Learning Revenue Maximization Using Posted Prices for Stochastic Strategic Patient Buyers

Authors: Eitan-Hai Mashiah, Idan Attias, Yishay Mansour

AAAI 2023 | Conference PDF | Archive PDF | Plain Text | LLM Run Details

Reproducibility Variable Result LLM Response
Research Type Theoretical We derive a sample complexity bound for the learning of an approximate optimal pure strategy, by computing the fat-shattering dimension of this setting. Moreover, we provide a general sample complexity bound for the approximate optimal mixed strategy.
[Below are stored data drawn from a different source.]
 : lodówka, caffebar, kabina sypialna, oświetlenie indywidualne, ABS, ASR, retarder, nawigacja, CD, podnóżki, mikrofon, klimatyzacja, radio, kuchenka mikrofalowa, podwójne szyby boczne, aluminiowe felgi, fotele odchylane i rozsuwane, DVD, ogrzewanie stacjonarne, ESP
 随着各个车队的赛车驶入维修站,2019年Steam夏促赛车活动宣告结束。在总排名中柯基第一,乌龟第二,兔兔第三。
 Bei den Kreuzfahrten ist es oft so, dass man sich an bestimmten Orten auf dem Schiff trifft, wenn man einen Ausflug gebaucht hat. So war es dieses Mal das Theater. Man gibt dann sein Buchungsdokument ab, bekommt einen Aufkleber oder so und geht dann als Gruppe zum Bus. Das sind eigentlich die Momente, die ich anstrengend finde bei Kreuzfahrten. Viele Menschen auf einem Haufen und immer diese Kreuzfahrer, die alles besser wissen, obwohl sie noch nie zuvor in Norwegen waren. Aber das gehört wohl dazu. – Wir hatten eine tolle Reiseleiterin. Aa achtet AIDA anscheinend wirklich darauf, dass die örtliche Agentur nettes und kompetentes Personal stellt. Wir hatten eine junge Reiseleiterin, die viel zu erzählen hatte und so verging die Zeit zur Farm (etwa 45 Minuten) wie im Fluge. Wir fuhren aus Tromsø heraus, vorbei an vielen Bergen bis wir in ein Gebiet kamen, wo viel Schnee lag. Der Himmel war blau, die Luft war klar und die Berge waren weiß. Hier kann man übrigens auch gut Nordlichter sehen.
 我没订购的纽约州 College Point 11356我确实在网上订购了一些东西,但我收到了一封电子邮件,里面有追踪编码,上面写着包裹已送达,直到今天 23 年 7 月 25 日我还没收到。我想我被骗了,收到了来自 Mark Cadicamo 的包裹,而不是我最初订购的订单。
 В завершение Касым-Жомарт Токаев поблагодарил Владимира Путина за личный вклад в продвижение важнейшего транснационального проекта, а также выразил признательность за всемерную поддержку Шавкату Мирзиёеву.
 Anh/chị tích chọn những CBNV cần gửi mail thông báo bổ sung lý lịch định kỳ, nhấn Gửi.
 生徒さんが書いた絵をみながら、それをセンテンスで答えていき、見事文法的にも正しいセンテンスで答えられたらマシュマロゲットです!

We also consider an online setting and derive a vanishing regret bound with respect to both the optimal pure strategy and the optimal mixed strategy.
Researcher Affiliation Collaboration Eitan-Hai Mashiah:1, Idan Attias:2, Yishay Mansour1,3 1Tel Aviv University, Israel 2Ben-Gurion University, Israel 3Google Research, Israel
Pseudocode No The paper describes algorithms (e.g., dynamic programming, linear programming) but does not present them in structured pseudocode blocks or algorithm listings.
Open Source Code No The paper does not include any explicit statement about providing open-source code for the described methodology, nor does it provide a link to a code repository.
Open Datasets No The paper is theoretical and discusses learning from 'samples' drawn from an unknown distribution D, but it does not refer to any specific publicly available datasets used for training or empirical evaluation.
Dataset Splits No The paper is theoretical and does not involve empirical experiments with training, validation, or test dataset splits.
Hardware Specification No The paper does not mention any specific hardware used for experiments, as it focuses on theoretical contributions.
Software Dependencies No The paper, being theoretical, does not specify any software dependencies or version numbers needed for reproducibility.
Experiment Setup No The paper is theoretical and does not include details about an experimental setup, such as hyperparameters or system-level training settings.